How do you hold your feet correctly in the stirrups?
Hi! 🙂
1️⃣ Focusing too hard on pushing the heel down sends the lower leg forward, which tips the pelvis back and drops you into a chair seat. In a chair seat the horse has to carry all of your weight, so you become a burden rather than staying in your own balance and taking weight off the horse.
2️⃣ Once you have pushed the heel down and the lower leg has slid forward, your feet sit ahead of your centre of gravity. To jump from there, you have to find other ways to get up into a forward seat, and a common one is to grip with the knees or use the rein for balance.
3️⃣ A forced heel-down creates tension through the whole leg, and you lose the ability to give through the hip and ankle. These joints need to stay relaxed so they can absorb the movement in trot and canter.

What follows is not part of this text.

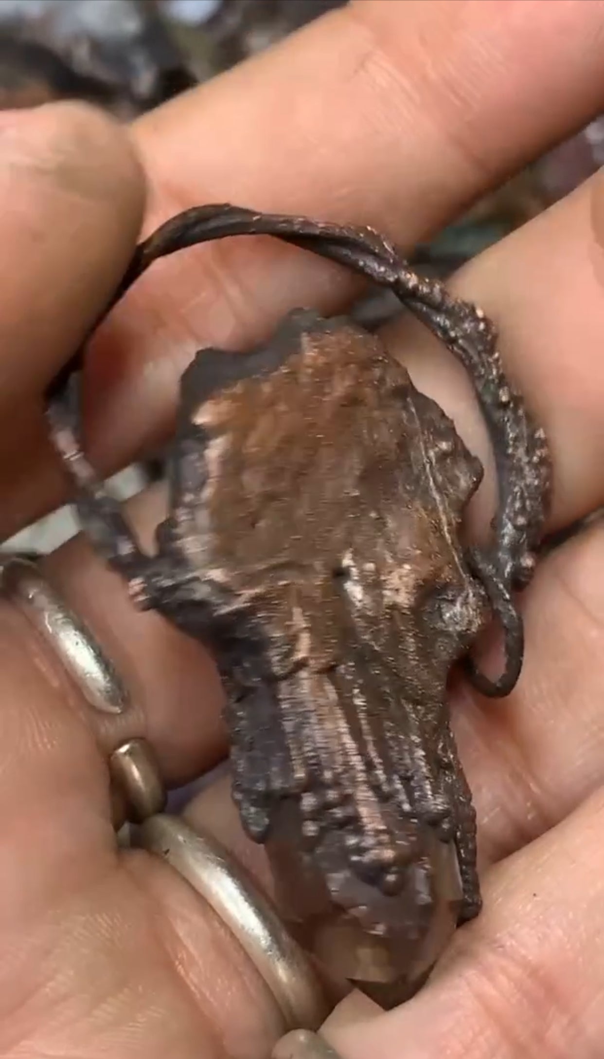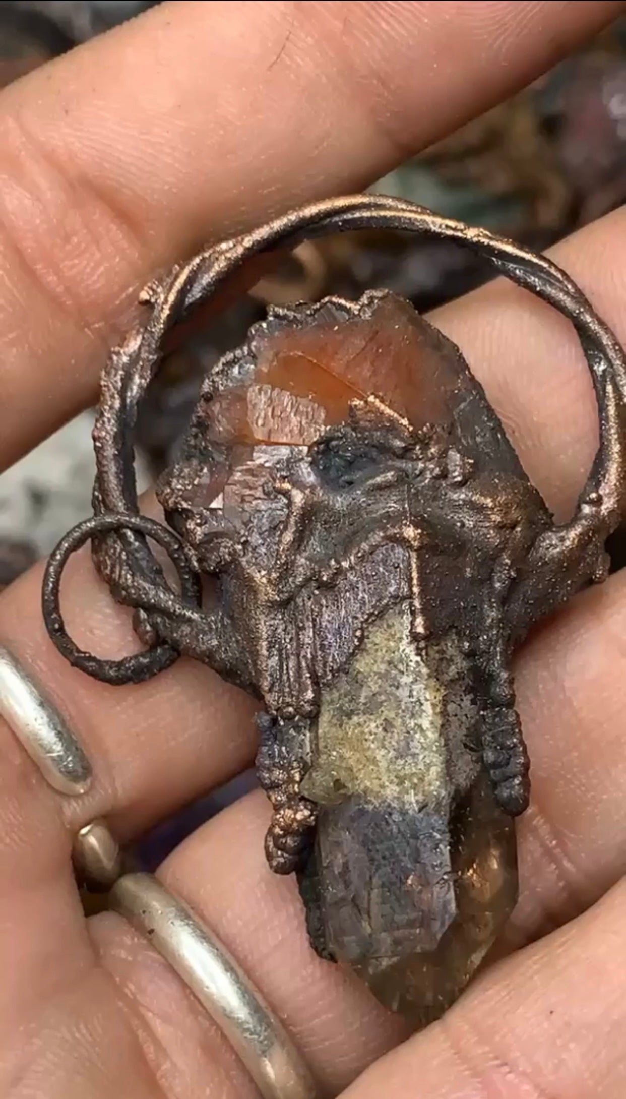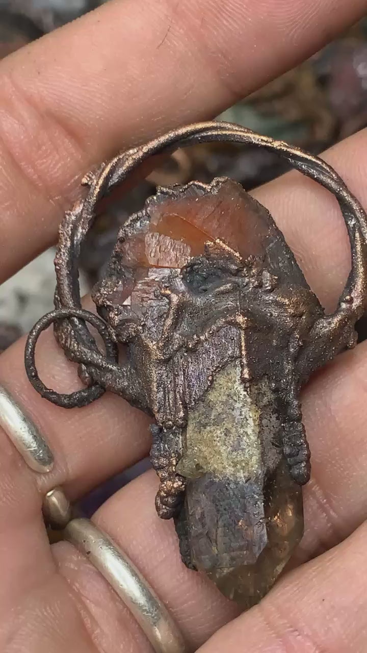 Lodalite and chloride included Smoky quartz from Brazil and Madagascar red quartz encased in copper

❓So how should you do it?❓
The best way to build a secure balance in the saddle, so you can stay in your own balance without burdening the horse, is to find that balance with relaxed legs hanging down into the stirrups.
This takes practice, and it means not putting yourself in situations that make you tense up. When you tense, your legs become "shorter" and you lose your footing in the stirrups.
That footing comes from the weight of the leg hanging down into the stirrup. An important part of this is that the stirrup leather can hang straight when the foot is directly under the pelvis.
Good luck, and do ask more if there is anything you are wondering about!